As for being over or under, the sliced pic that you thought was under would be considered over in my house. I eat backstrap at 135-138. Any higher and it just isn't the same.


----------



## 4pogo7 (Oct 15, 2015)

bmaddox said:


> I would do the ice water and boil water test to ensure it is work right. Then get another thermo as a back up. Even if it is a $10 digital one that takes a minute to read the temp you want to have something as a backup.
> 
> As for being over or under, the sliced pic that you thought was under would be considered over in my house. I eat backstrap at 135-138. Any higher and it just isn't the same.


Hey bmaddox, thanks for the advice. I do need to have a back up! Before I smoked a pork butt I tested it and it was working well.

On the note of over or under, thanks for the information! I have just never had that much blood when slicing up deer that I cook to 145, it was delicious though! And the only reason I cook it to that is because someone told me once that I should treat it like beef and that the USDA says to take it to 145 with a 3 minute rest period. I am fairly new to smoking and safe cooking temps, and with a young one and my wife I try to be safe. With that you can see why I thought it might have been under cooked. Thank you again!!


----------



## bmaddox (Oct 15, 2015)

4PoGo7 said:


> Hey bmaddox, thanks for the advice. I do need to have a back up! Before I smoked a pork butt I tested it and it was working well.
> 
> On the note of over or under, thanks for the information! I have just never had that much blood when slicing up deer that I cook to 145, it was delicious though! And the only reason I cook it to that is because someone told me once that I should treat it like beef and that the USDA says to take it to 145 with a 3 minute rest period. I am fairly new to smoking and safe cooking temps, and with a young one and my wife I try to be safe. With that you can see why I thought it might have been under cooked. Thank you again!!

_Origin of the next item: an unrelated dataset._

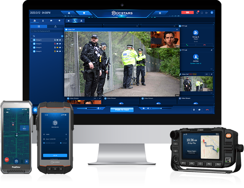 POCSTARS-MCX is a 3GPP-compliant mission-critical communications solution built on LTE/5G networks. It delivers ultra-reliable, low-latency voice, video, and data services via high-priority QCI-level channels, while supporting seamless evolution toward NGN architecture. The system integrates MCPTT, MCVideo, MCData, and a unified dispatch console—enabling real-time communication, centralized command, and rapid coordination in high-stakes operational environments. By breaking down device and network silos, it ensures secure, unified collaboration across teams, terminals, and regions. Engineered to meet the highest standards of reliability, security, and interoperability, POCSTARS MCX supports large-scale, multi-agency deployments and seamless cross-network integration. It is ideally suited for public safety, emergency response, transportation, energy, and other critical sectors that demand always-on communication.
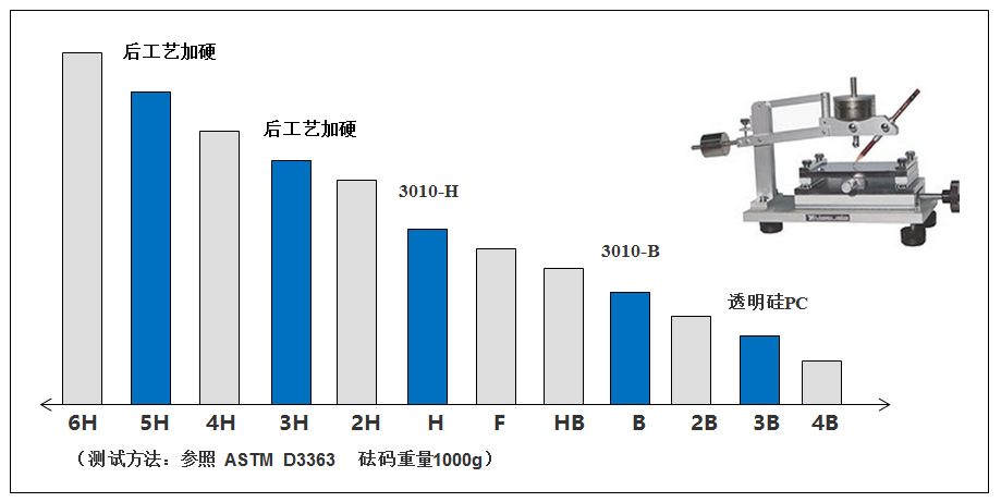 塑胶外貌硬度的界定,,,,,,,主要通过铅笔硬度(又称涂膜硬度铅笔测定法)来表述。。。。。。按工业标准,,,,,,,铅笔笔芯的硬度分为13级。。。。。。

I am right there with you about tying to be safe.

I make sure to freeze my backstrap for at least a month to kill any parasites. I know there is some risk when cooking it to medium rare but since I hunt, clean, process, and cook my own venison I feel pretty confident that it has been properly handled and can be safely cooked to a lower temp. Sometimes I will cook it sous vide which allows me to hold it at 135 long enough to make it 100% safe. Here is a thread on that:

http://www.smokingmeatforums.com/t/232279/sous-vide-and-smoked-venison-backstrap


----------



## 4pogo7 (Oct 15, 2015)

bmaddox said:


> I am right there with you about tying to be safe.
> 
> I make sure to freeze my backstrap for at least a month to kill any parasites. I know there is some risk when cooking it to medium rare but since I hunt, clean, process, and cook my own venison I feel pretty confident that it has been properly handled and can be safely cooked to a lower temp. Sometimes I will cook it sous vide which allows me to hold it at 135 long enough to make it 100% safe. Here is a thread on that:
> 
> http://www.smokingmeatforums.com/t/232279/sous-vide-and-smoked-venison-backstrap


Thank you very much!!

I too "hunt, clean, process, and cook my own venison." To me it's the only way to go. That way you know what IS and IS NOT in your meat. Thank you for posting the link!


----------



## bmaddox (Oct 15, 2015)

4PoGo7 said:


> That way you know what IS and IS NOT in your meat.


I could not agree with this statement more. I used to quarter my deer then take it to a butcher to process but there was never any guarantee that I got back my deer. Last year I finally decided to start doing it all myself, including grinding. It takes a lot of time but it is well worth it.


----------



## 4pogo7 (Oct 15, 2015)

bmaddox said:


> I could not agree with this statement more. I used to quarter my deer then take it to a butcher to process but there was never any guarantee that I got back my deer. Last year I finally decided to start doing it all myself, including grinding. It takes a lot of time but it is well worth it.


It does take a good amount of time to do it all yourself, but well worth it and it gets easier and faster the more you do it. My uncle got me started in deer hunting and he always processed his own so that is all I have ever done. I even make my own jerky and snack sticks. Speaking of which, it's been awhile since I have done either of those. I need to get out hunting soon!


----------